*** SOURCE DATA ***

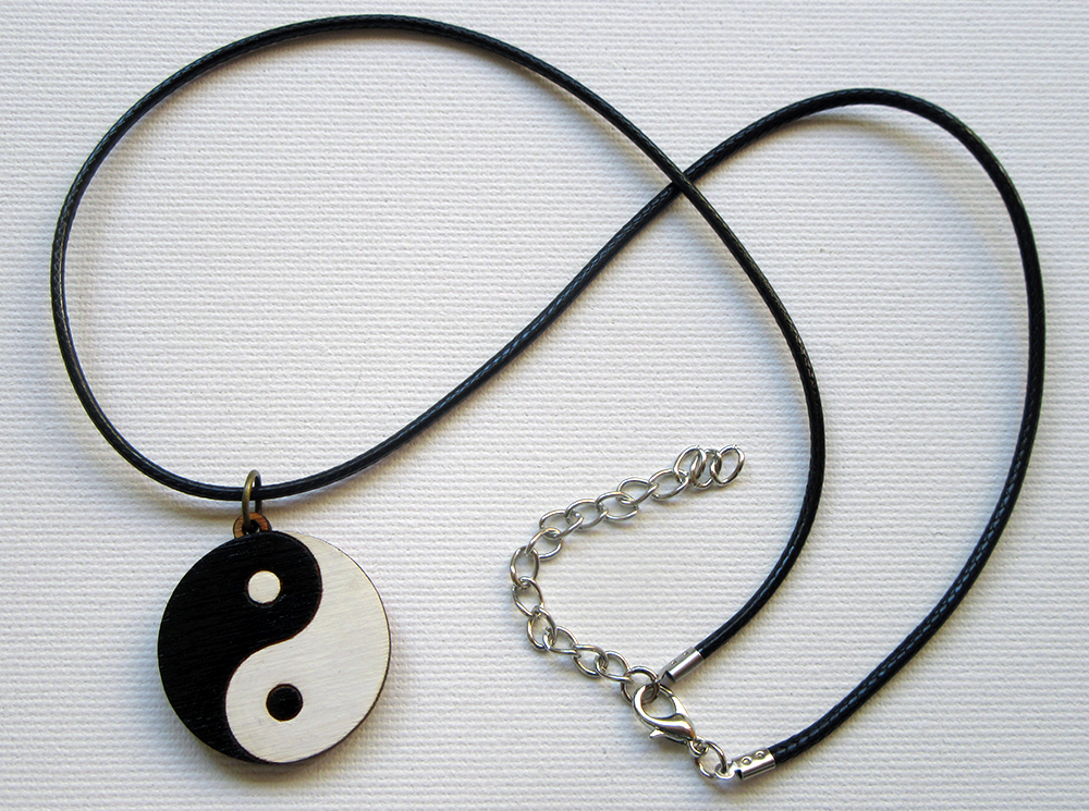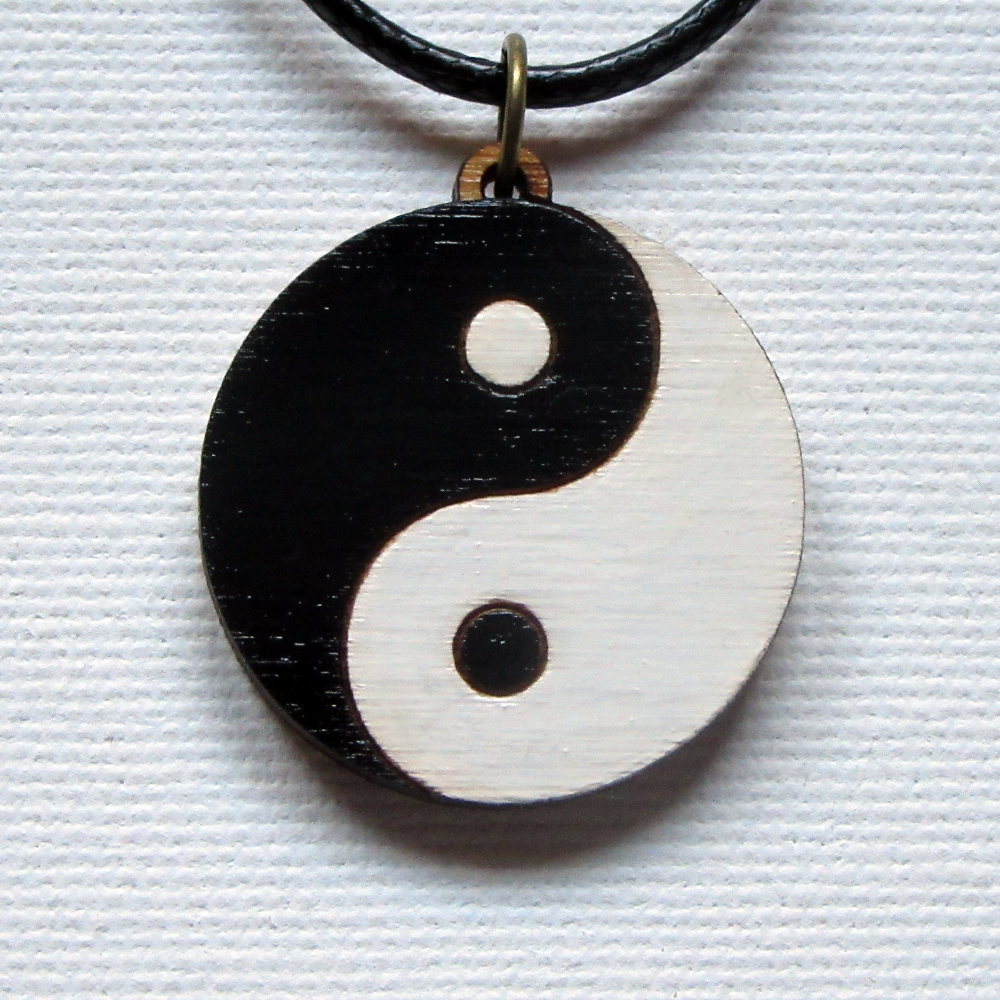 Medalion de lemn gravat – Yin si Yang pictat cu alb si negru cu diametrul de 3 cm.
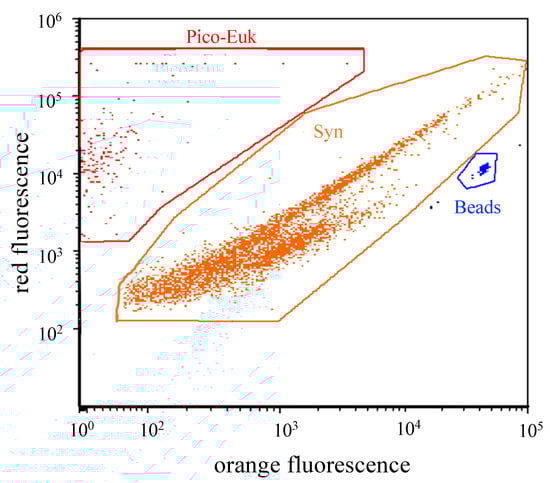 Resolution of picophytoplankton cell groups by flow cytometry. Typical red (chlorophyll a) versus orange fluorescence (phycoerythrin) cytograms exhibiting the resolution of Synechococcus spp. (Syn) and picoeukaryotes (Pico-Euk).
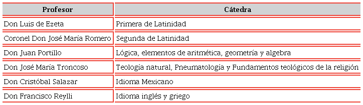 Por lo que toca a la designación de los profesores, fueron seis catedráticos, cuyos nombres se pueden ver en el siguiente cuadro. No necesariamente se cumple la idea de una secularización educativa. Por el contrario, podemos inferir por la composición del profesorado presente en esa lista, en el que participaron un militar y un clérigo, el predominio de cierto liberalismo católico en la enseñanza. Ahora bien, sin duda, el reordenamiento educativo impulsó nuevas áreas de conocimiento en los estudios medios o preparatorios.

*** End of SOURCE DATA ***

TASK OBJECTIVE
Please give the material above again in full, with no pictures in your version.

THE ANSWER
 Medalion de lemn gravat – Yin si Yang pictat cu alb si negru cu diametrul de 3 cm.
 Resolution of picophytoplankton cell groups by flow cytometry. Typical red (chlorophyll a) versus orange fluorescence (phycoerythrin) cytograms exhibiting the resolution of Synechococcus spp. (Syn) and picoeukaryotes (Pico-Euk).
 Por lo que toca a la designación de los profesores, fueron seis catedráticos, cuyos nombres se pueden ver en el siguiente cuadro. No necesariamente se cumple la idea de una secularización educativa. Por el contrario, podemos inferir por la composición del profesorado presente en esa lista, en el que participaron un militar y un clérigo, el predominio de cierto liberalismo católico en la enseñanza. Ahora bien, sin duda, el reordenamiento educativo impulsó nuevas áreas de conocimiento en los estudios medios o preparatorios.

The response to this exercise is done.